* **TASK MATERIAL**:
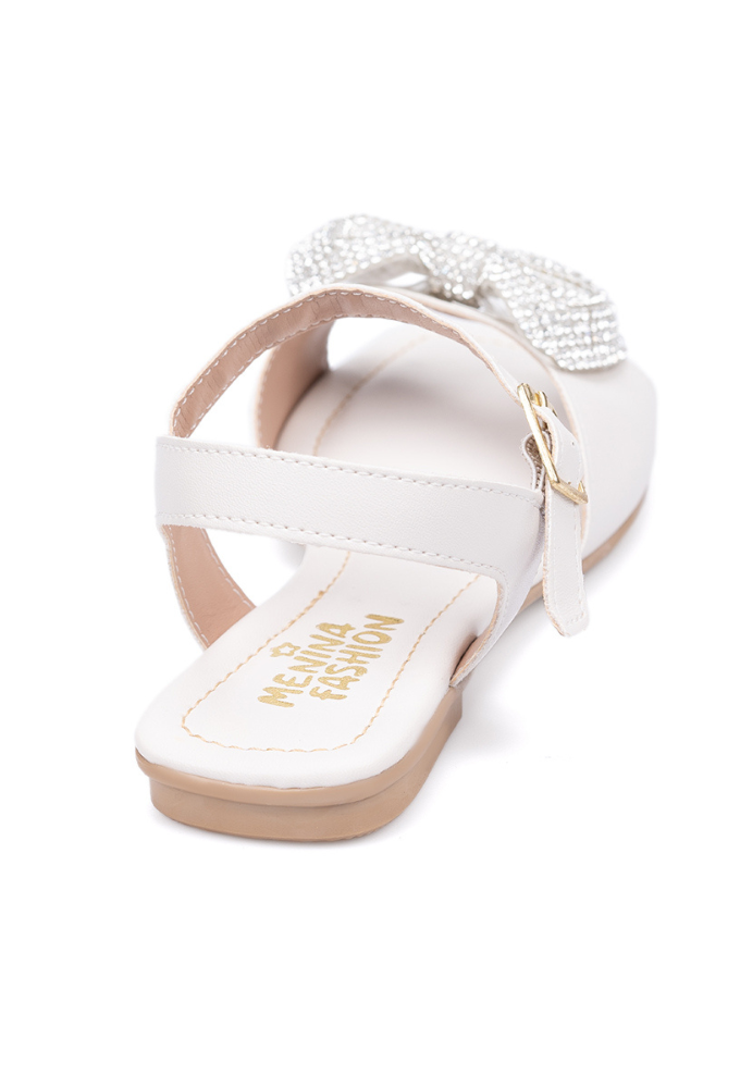 Especial DomidonaRasteira Infantil Off White Bico Quadrado Laço De Strass
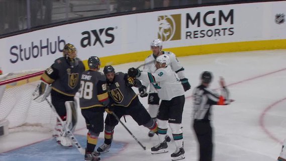 Kohauttavista tempuistaan tunnettu Kane antoi kovan poikittaisen mailan Vegas Golden Knightsin hyökkääjän Pierre-Edouard Bellemaren naamaan. Sharks-tähti sai ulosajon tilanteesta.
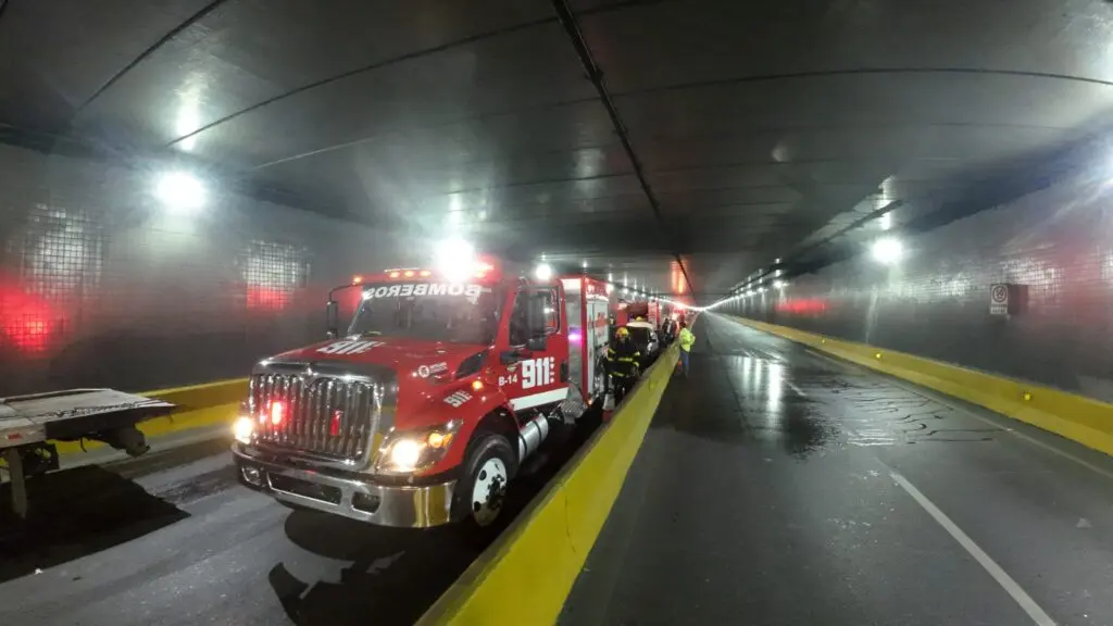 Se normaliza tránsito tras incendiarse vehículo en túnel de la 27 de Febrero; 911 movilizó equipos
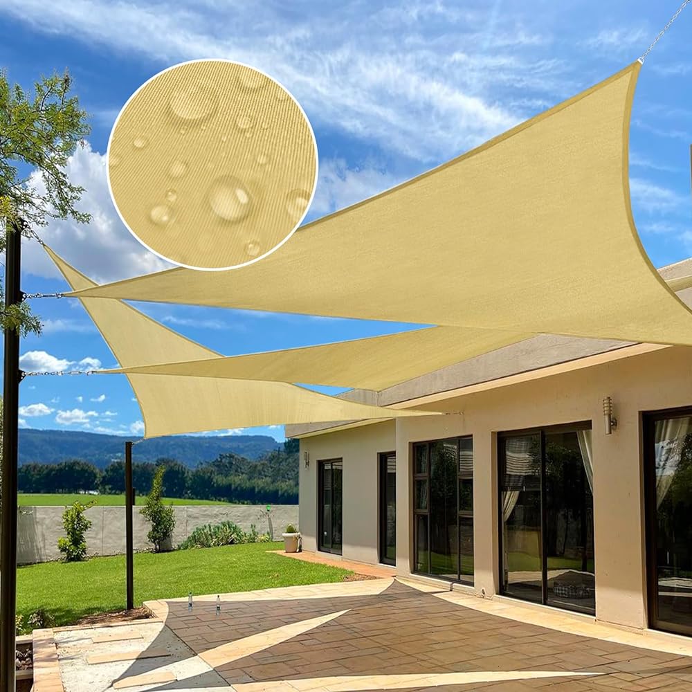 12′ x 12′ x 12′ Sand Color Waterproof Sun Shade Sail, 160g, Standard Stitched Configuration
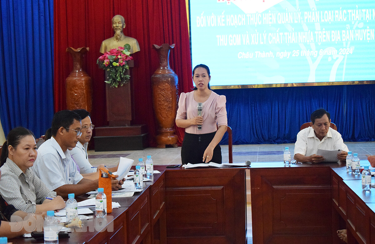 Chủ tịch Hội Liên hiệp Phụ nữ huyện Châu Thành Nguyễn Thanh Hiền phát biểu kết luận tại hội nghị phản biện dự thảo kế hoạch thực hiện quản lý, phân loại rác thải tại nguồn, thu gom và xử lý chất thải nhựa trên địa bàn huyện.
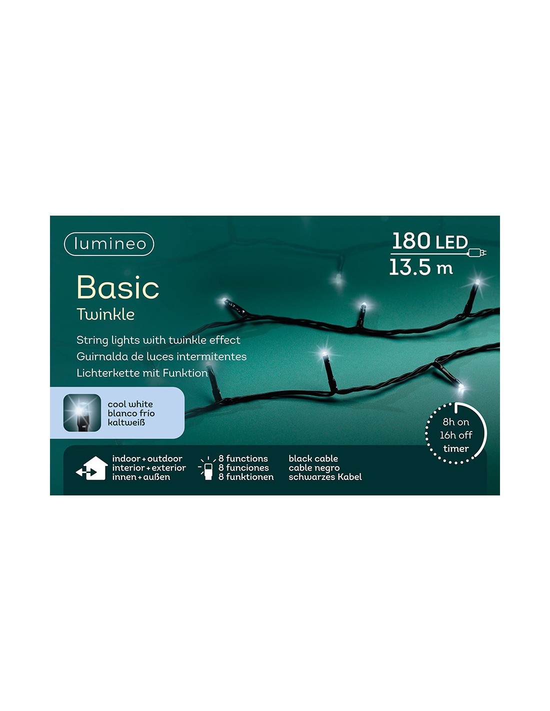 Guirnalda multifunción, uso exterior, basic, blanco frío, cable negro, 180 leds, 13,5 m
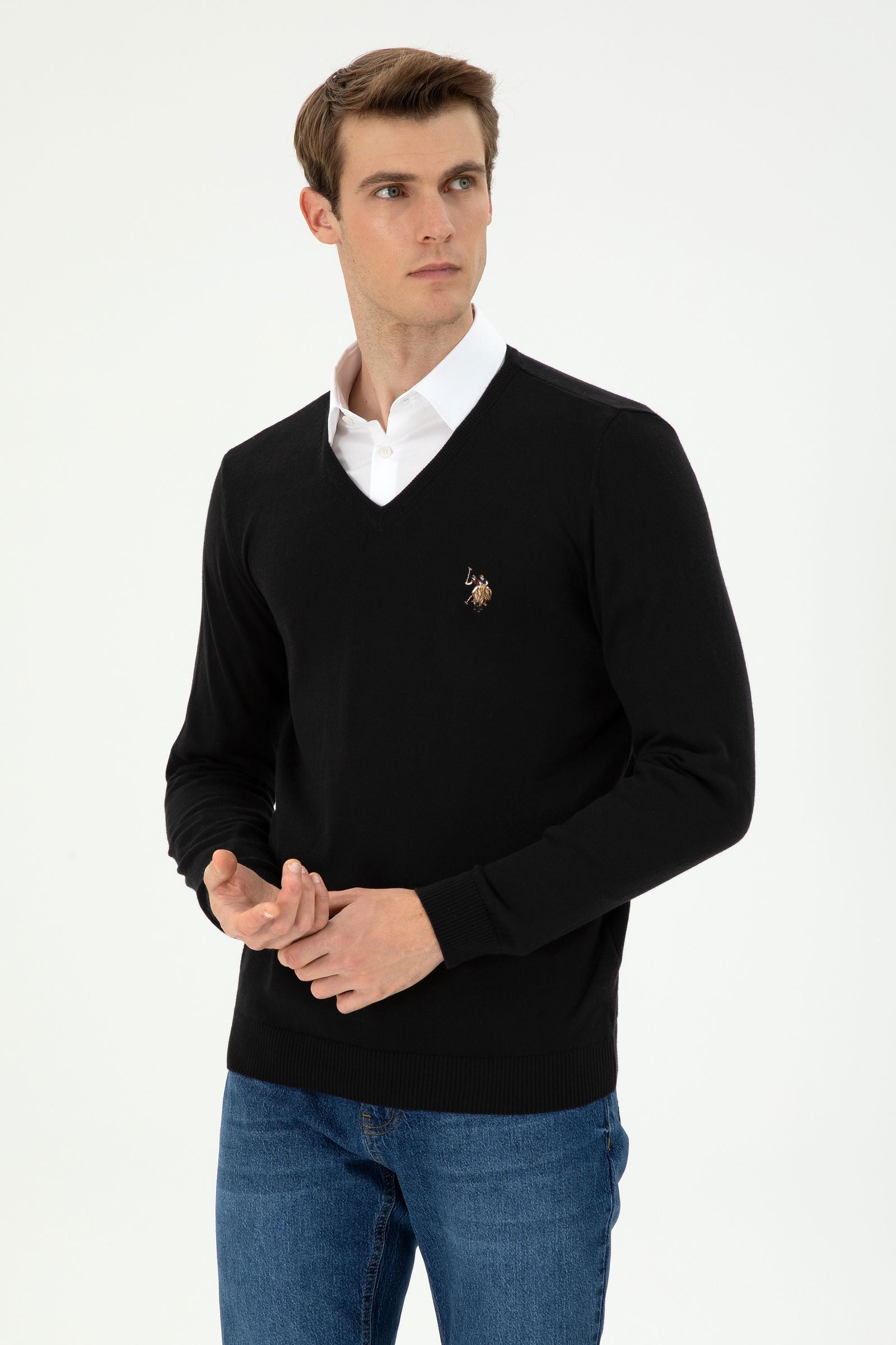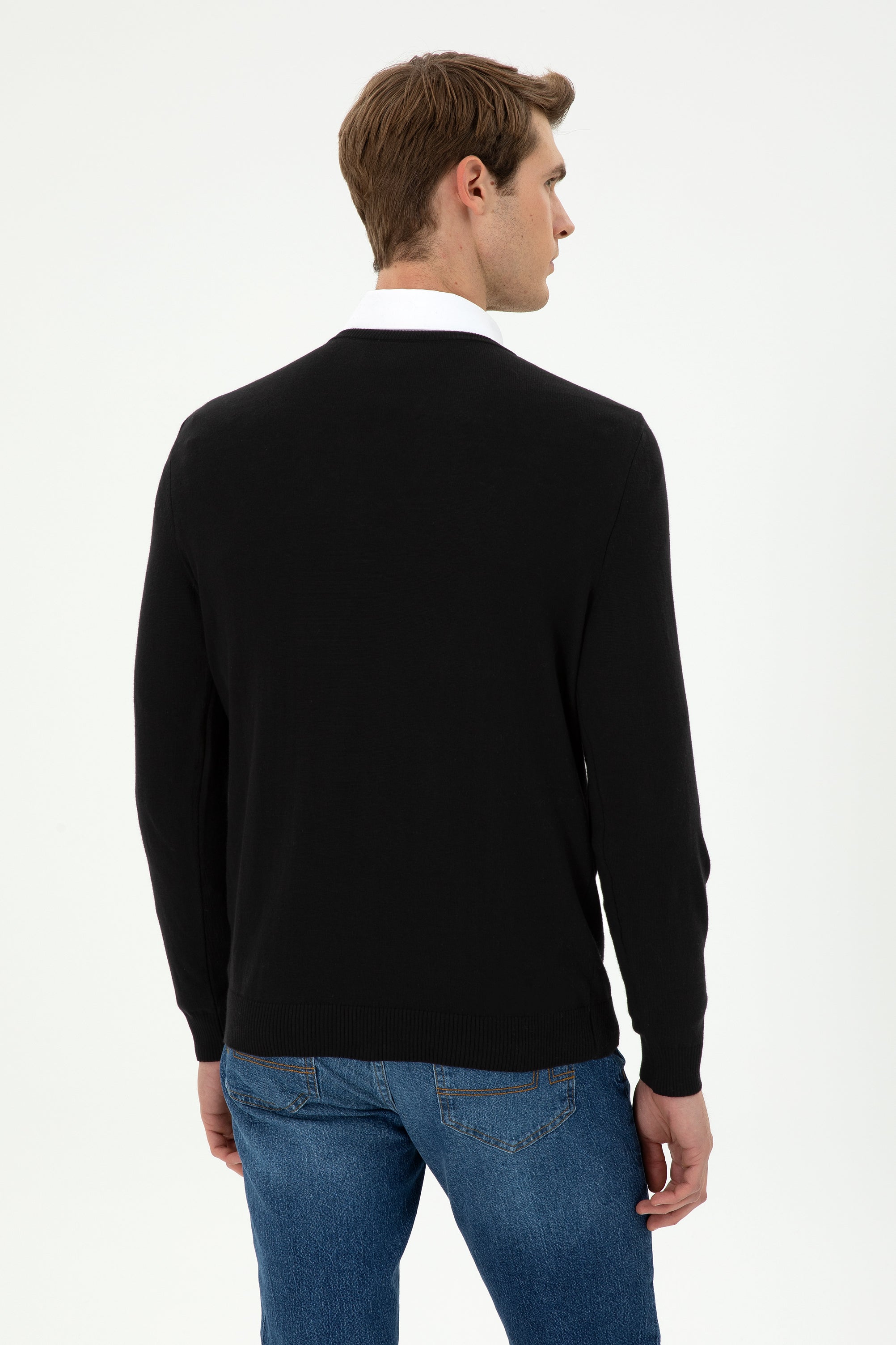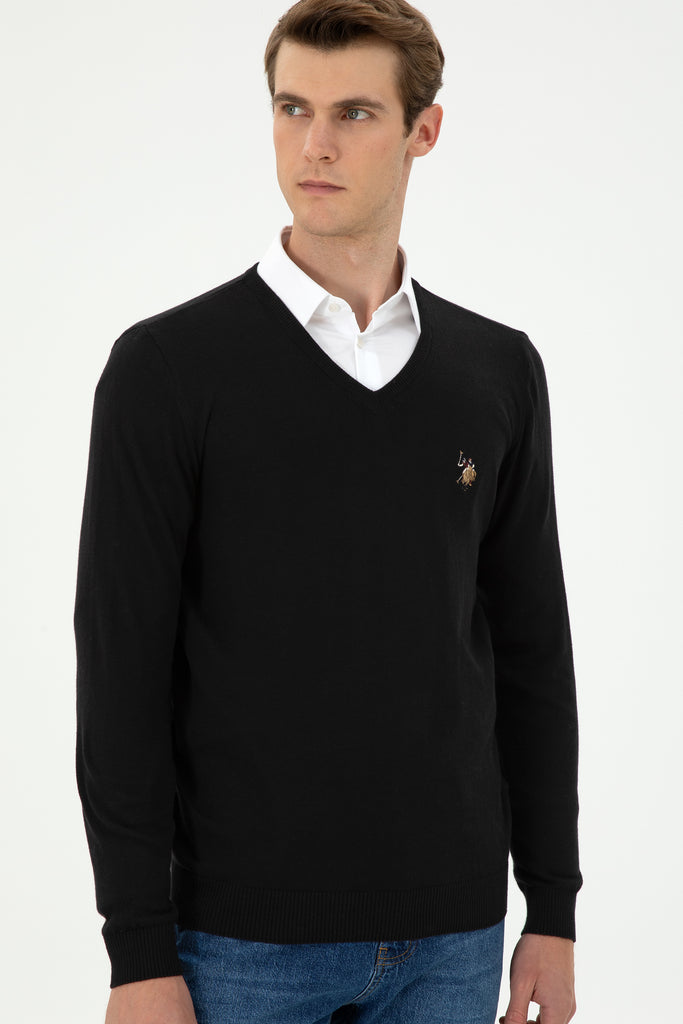 Elegantni džemper u klasičnoj crnoj boji nudi savršenu kombinaciju udobnosti i stila za svaku priliku. Izrađen je od kvalitetnog materijala koji osigurava toplinu i prijatan osjećaj tokom cijelog dana. Njegov sofisticirani V-izrez doprinosi modernom izgledu, dok se diskretan logo na prednjem dijelu ističe kao suptilan, ali efektan detalj. Ovaj džemper se lako uklapa u razne modne kombinacije, bilo da ga nosite uz traperice za ležeran izgled ili s elegantnim hlačama za poslovne prilike, čineći ga nezaobilaznim komadom u svakoj garderobi.
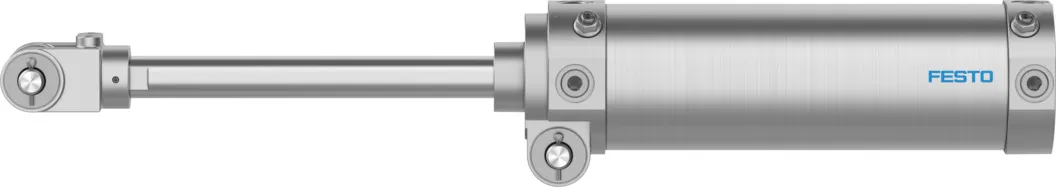 For clamping components during the welding process , Double-acting , Easy to mount thanks to swivel bearing on the bearing cap , Integrated flow control , Integrated end-position cushioning , Rod wiper seal to protect against welding spatter , Asian automotive standard for car body production
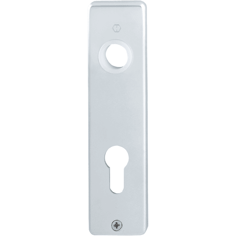 HOPPE-Aluminium-Kurzschild-Paar für Innentüren: • Lagerung: für Türgriffe lose, wartungsfreie Gleitlager • Befestigung: sichtbar, Kunststoff-Anschlagplatten und Mehrzweckschrauben
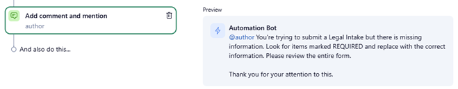 To prevent submissions with REQUIRED as the response. I created another automation rule like the above example, except instead of looking for ‘is empty’, I looked for ‘is exactly’ (in the case of text boxes) REQUIRED or simply looked for REQUIRED for single/multi-select fields. I dropped the ‘Change custom field’ step but continued the same with the rest. NOTE: the automation rules uses AND logic. Without the OR option, you have to create a set of rules for each required field. Depending on the number of required fields, you may end up with many automation rules. I used ‘duplicate’ while creating the rules I needed and kept mindful of adjusting the rule name.
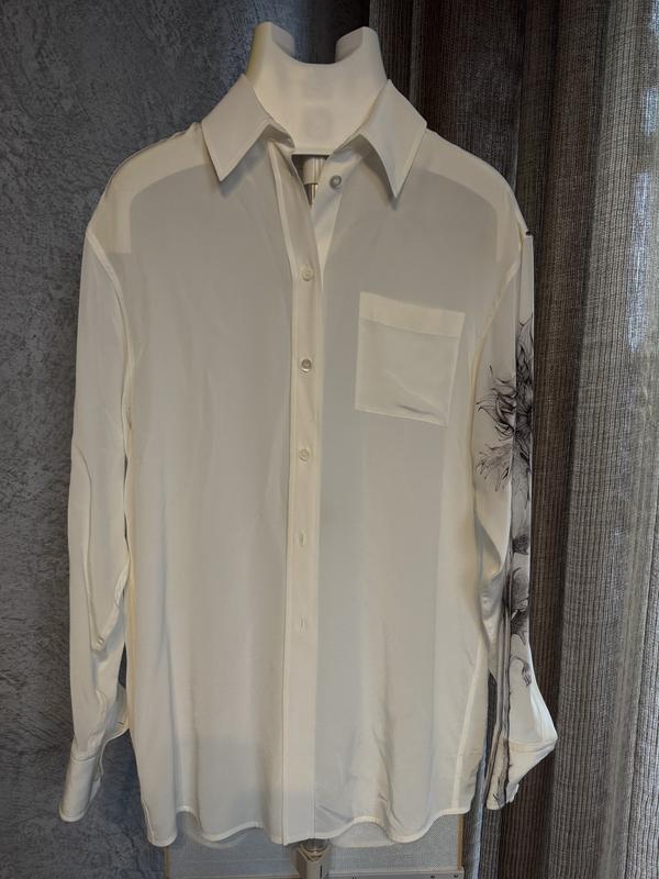 Стильная шелковая рубашка с рисунком на одном рукаве. Нежно-молочного цвета, удлиненная.
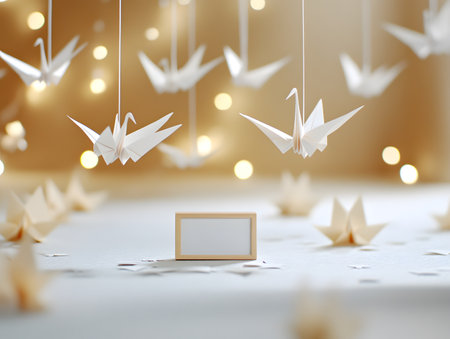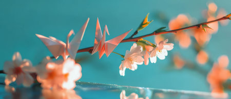 Delicate pink cherry blossoms paired with origami cranes in a serene flat lay arrangement

* **EXERCISE PROMPT**:
In the listing above, find the line with "For clamping components" and the line with "HOPPE-Aluminium-Kurzschild-Paar für Innentüren: •". Output both, plus every line between them, and no pictures.

* **EXERCISE SOLUTION**:
 For clamping components during the welding process , Double-acting , Easy to mount thanks to swivel bearing on the bearing cap , Integrated flow control , Integrated end-position cushioning , Rod wiper seal to protect against welding spatter , Asian automotive standard for car body production
 HOPPE-Aluminium-Kurzschild-Paar für Innentüren: • Lagerung: für Türgriffe lose, wartungsfreie Gleitlager • Befestigung: sichtbar, Kunststoff-Anschlagplatten und Mehrzweckschrauben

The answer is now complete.